Who is proposing it? Senate Finance Committee
What is it? A proposal to eliminate the current double tax system for C corporations
How does it work? The goal of corporate integration is a more modest change to the tax code than the Border Adjusted Tax (BAT) or any other shift to a territorial tax system. Corporate integration could occur by either eliminating the corporate-level tax while preserving the tax on corporate distributions at the individual level, or by exempting from individual tax a shareholder's corporate distributions. Either of these would result in "full integration." There are also proposals that call for partial integration, which vary the level of tax exemption for either party. Proponents of corporate integration argue that the current system of double taxation discourages economic growth by inhibiting market choices over forms of business and sources of capital, and that integration would remove these constraints while reducing the impetus for multinational corporations to divert earnings overseas. A 2014 report from the staff of the Senate Finance Committee also points out that the current system promotes debt over equity, because interest repayments are deductible while dividend distributions are not.
How much money will it raise? Without eliminating other deductions or credits, most corporate integration proposals would actually decrease revenue, with Congressional Budget Office (CBO) estimates being anywhere from 8% to 102% in reductions from current corporate tax revenue levels. Instead of viewing corporate integration as a way to pay for tax cuts, it is probably better viewed as an alternative compromise in tax reform to achieve lower rates and tax simplification.
Concerns: Corporations that do not pay dividends do not favor integration. Also, projected losses in tax revenues may prevent full integration from being economically feasible, even with a broader tax base. Per the CBO estimates, "most proposals would not have significant effects on the international allocation of capital, repatriation, profit-shifting and inversions."
Who is proposing it? No one, but like the VAT that was discussed in Part I of our series, a Washington Post report indicated that the White House was considering such a tax. The White House quickly disputed the report.
What is it? A tax on the emission of carbon dioxide (CO2), from which the tax gets its name
How does it work? A carbon tax is based upon the amount of CO2 produced through the use of CO2 producing fuel, with the tax proportionate to such use. The carbon tax is framed as an alternative to a "cap and trade system." Under the cap and trade system, emitters of greenhouse gasses are assigned a set amount of emissions that they are allowed to produce. A tax is based on the amount by which emissions exceed this cap, with unused portions made available for sale to other companies. Proponents of a carbon tax argue that a carbon tax is simpler, can be implemented more quickly, and is better at discouraging pollution.

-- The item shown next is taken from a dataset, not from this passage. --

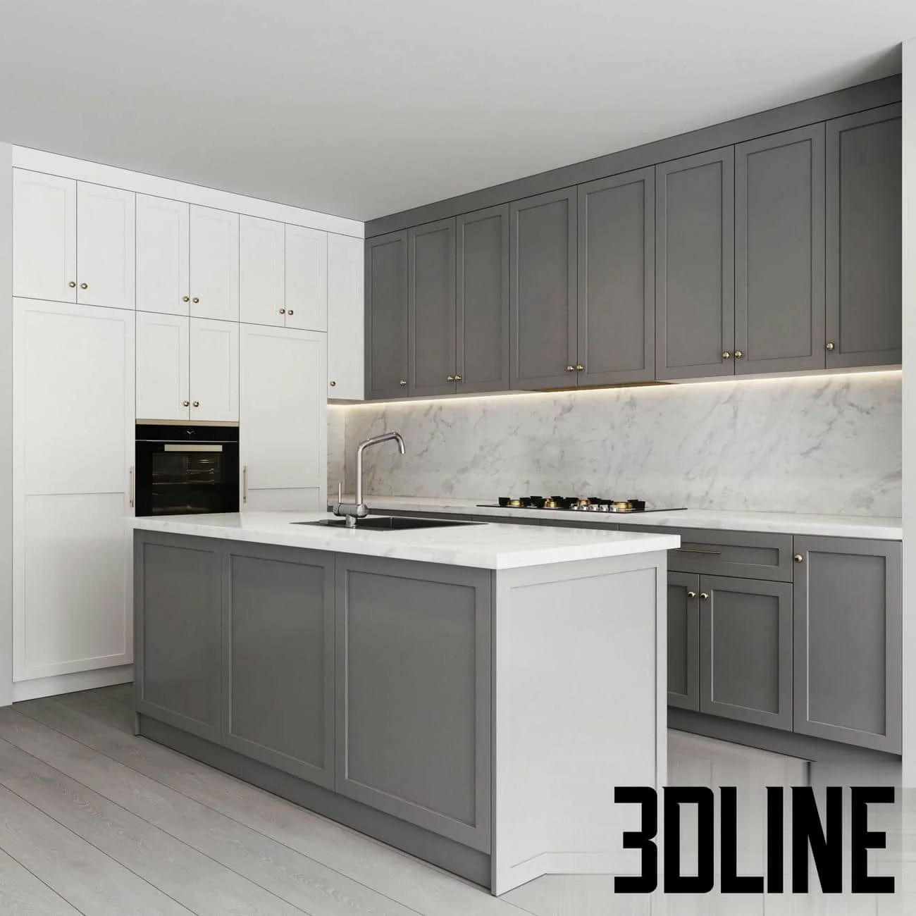 **Classic modern shaker kitchen 3d model:** Define timeless style in your kitchen visualizations with this exclusive **classic modern shaker kitchen 3d model** (Kitchen 036). This **grey and white cabinet design** features classic framed doors and contemporary metallic handles, contrasting beautifully with a high-detail **luxury marble backsplash kitchen** and a central island unit.
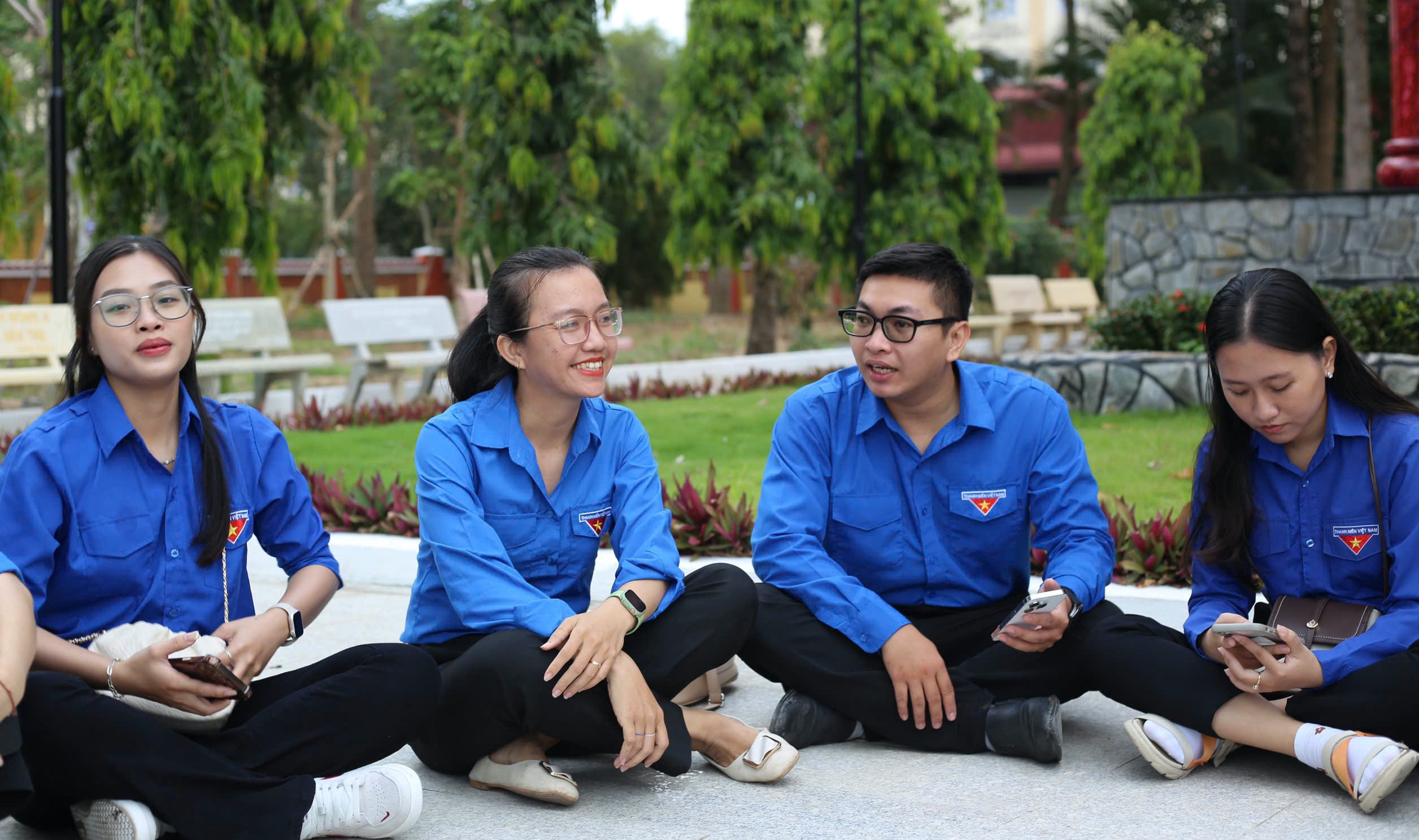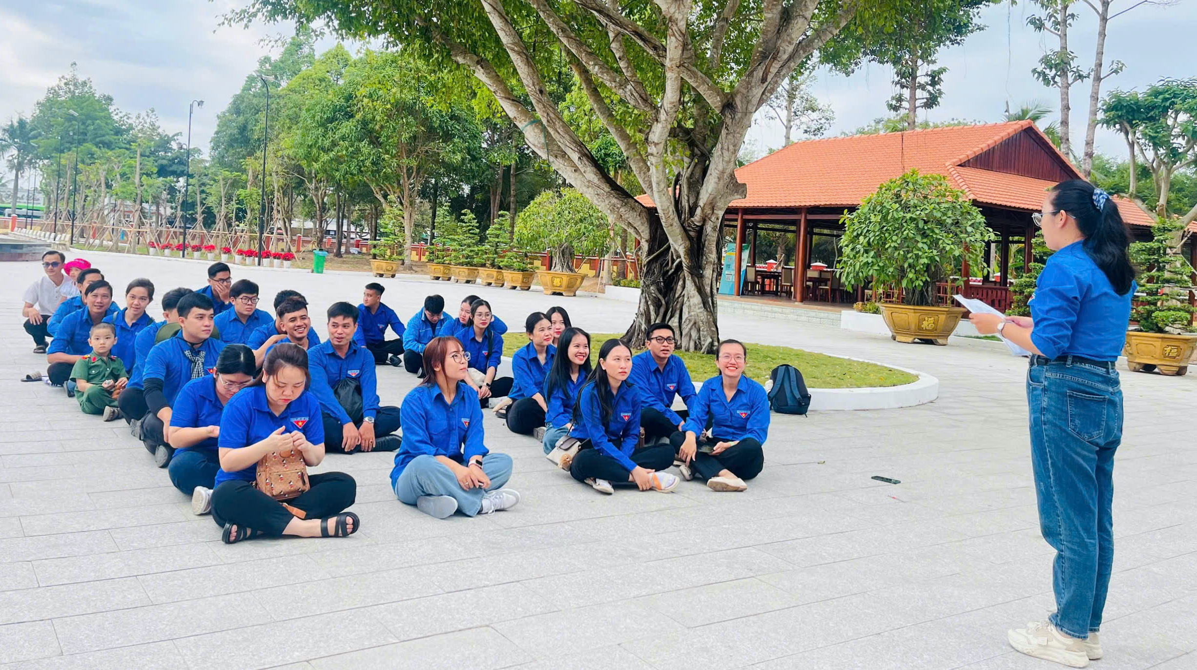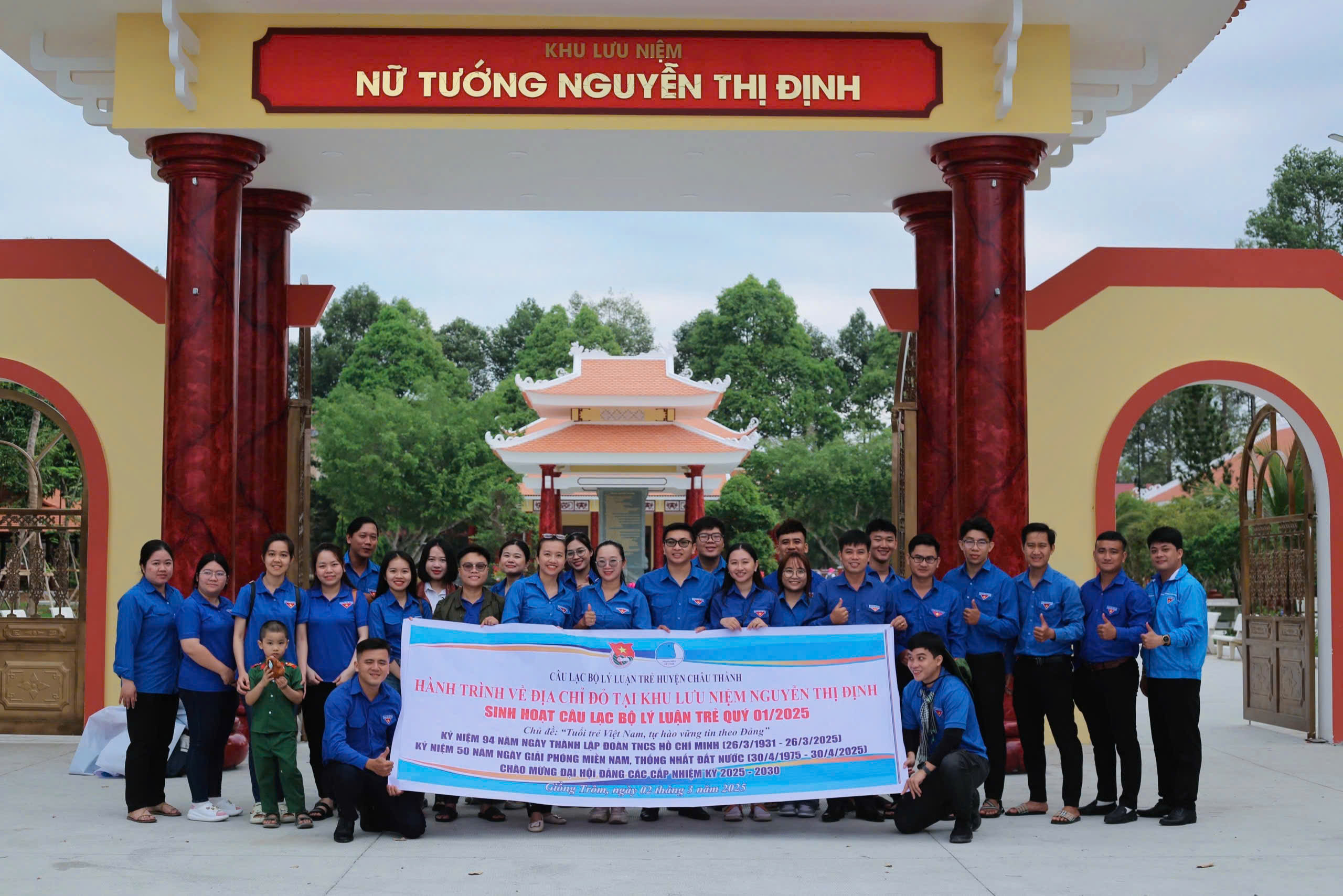 Thành viên câu lạc bộ Lý luận trẻ huyện Châu Thành chụp ảnh tại Khu lưu niệm Nữ tướng Nguyễn Thị Định

How much money will it raise? As proposed, it will not raise revenues due to rebates, tax cuts, or dividend distributions. However, the amount of rebates, tax cuts, or dividend distributions could be reduced or eliminated, which would in turn raise substantial amounts of tax revenue. With these changes, a CBO report predicted it could raise $977 billion over a ten-year period.

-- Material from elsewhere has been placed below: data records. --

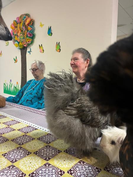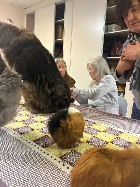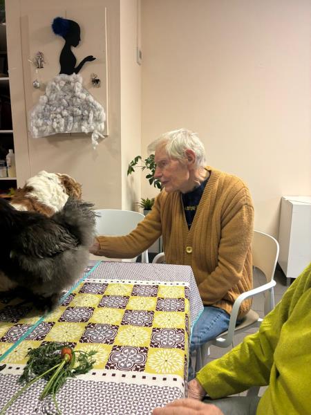 Un jour, place à la zoothérapie : chiens, lapins ou autres compagnons à poils viennent à la rencontre des résidents pour des moments riches en émotions. Les sourires s’illuminent, les souvenirs remontent, les gestes se délient… Le contact avec l’animal apaise, rassure et favorise les échanges, parfois même chez les personnes les plus réservées.
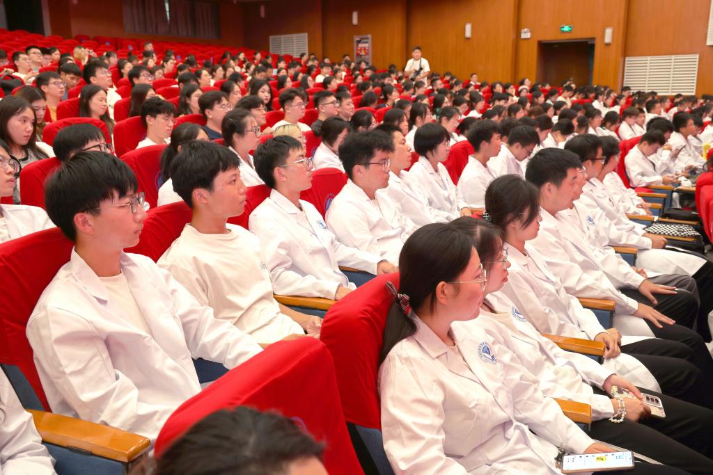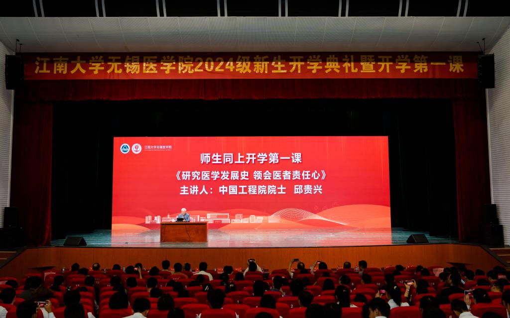 开学典礼之后,邱贵兴院士随即为全体2024级新生和医学院、附属医院的教师带来题为《研究医学发展史 领会医者责任心》的开学第一课。
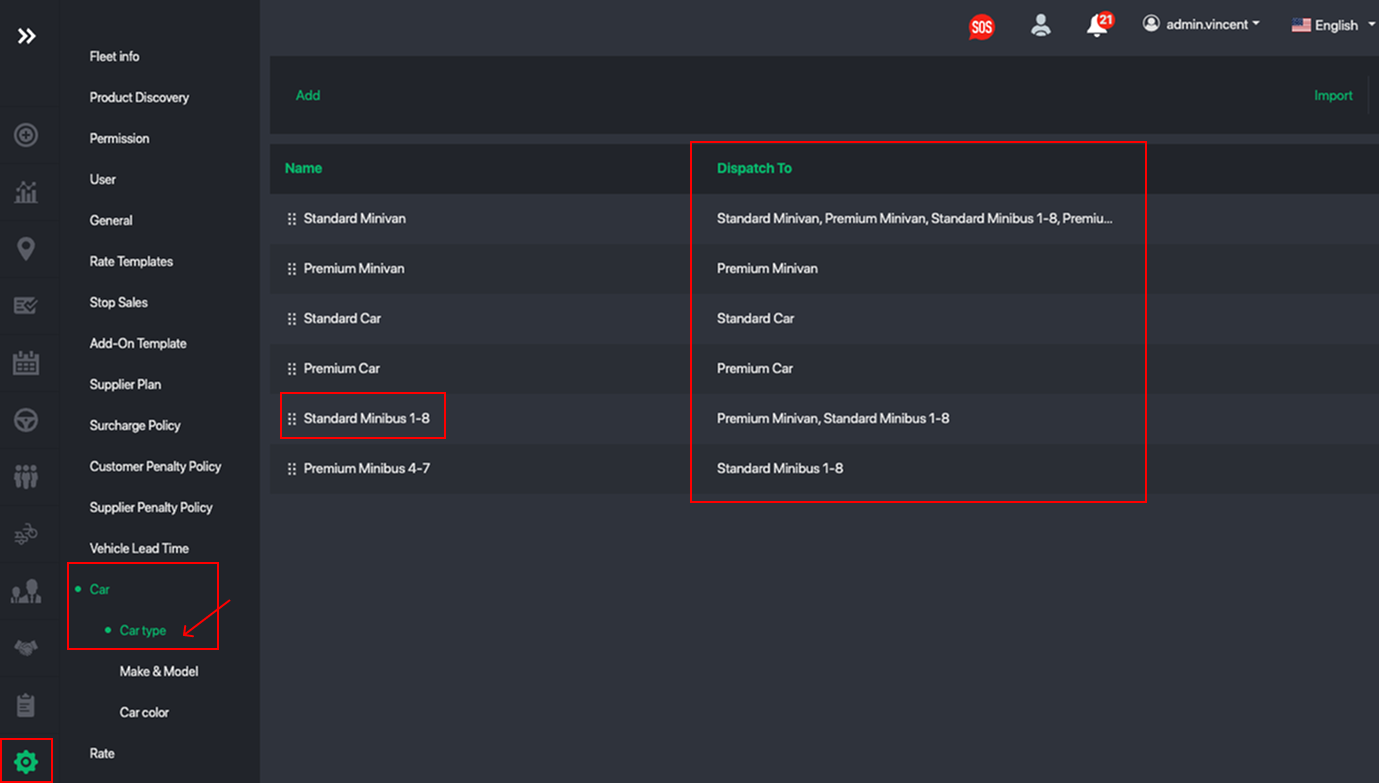You will notice the Dispatch to column is now updated with the list of car types can receive the specific jobs.

Concerns: Like other consumption taxes, the carbon tax is denounced as being regressive, since the tax arguably will be passed on to consumers disproportionately in the lower income class. Such consumers would then be dependent on a corresponding rebate, tax cut, or dividend to avoid higher energy costs, where critics claim that such incentives may not materialize with governmental tendencies to absorb the tax revenue generated. Critics also argue that the tax will reduce economic output.
Who is proposing it? President Trump, and it is also part of the House Blueprint.
What is it? A one-time tax on profits held overseas by U.S. multinational firms
How does it work? Under the President's Tax Outline, foreign earnings held as assets overseas that remain untaxed for most businesses would be subject to a one-time deemed repatriation tax. While the outline does not specify the tax rate, the President's campaign set out a 10% rate. The House Blueprint proposes a similar measure, but with varying tax rates for cash and cash equivalents and for other investments. Under the House Blueprint, the rate for cash and cash equivalents would be set at 8.75%, while the rate for other investments would be 3.5% and payable in installments over eight years. It should be noted that there is no requirement that current proposals utilize a lower rate. It would be lawful to impose a deemed repatriation tax at normal statutory tax rates.
How much money will it raise? Estimates show that approximately 2.5 trillion dollars of tax-deferred earnings is held overseas, which would generate 2.5 billion dollars of tax revenue at the proposed 10% rate. Tax revenues under the bifurcated tax proposal of the House Blueprint are more difficult to estimate, but the lower rates would yield a lower amount. On the other hand the CBO, which compares proposed legislation to current law, may determine that the proposal actually costs the government revenue over a ten-year window. This would be the case if the CBO estimated that the amount repatriated under current law at higher rates would be enough, over a ten-year period, to generate more revenue than the proposed one-time tax.
Concerns: A one-time repatriation tax at a special tax rate forecloses the possibility of future taxation at the higher traditional tax rates. Furthermore, businesses could make a pre-emptive shift in the type of tax-deferred foreign assets held in order to the minimize tax under the dual-rate proposal. Additionally, data from a similar 5.25% repatriation tax implemented previously under President George W. Bush indicates that businesses did not reinvest the repatriated profits or raise U.S. wages, and instead used the repatriated profits to repurchase stock and pay down debt. A Joint Committee on Taxation study indicated that this previous repatriation tax did not generate additional revenue for the government. With this history in mind, some have argued that the negative effects of the repatriation tax would be mitigated if it were part of a move to a territorial system, as revenue would be generated immediately while removing the incentive to keep foreign profits overseas.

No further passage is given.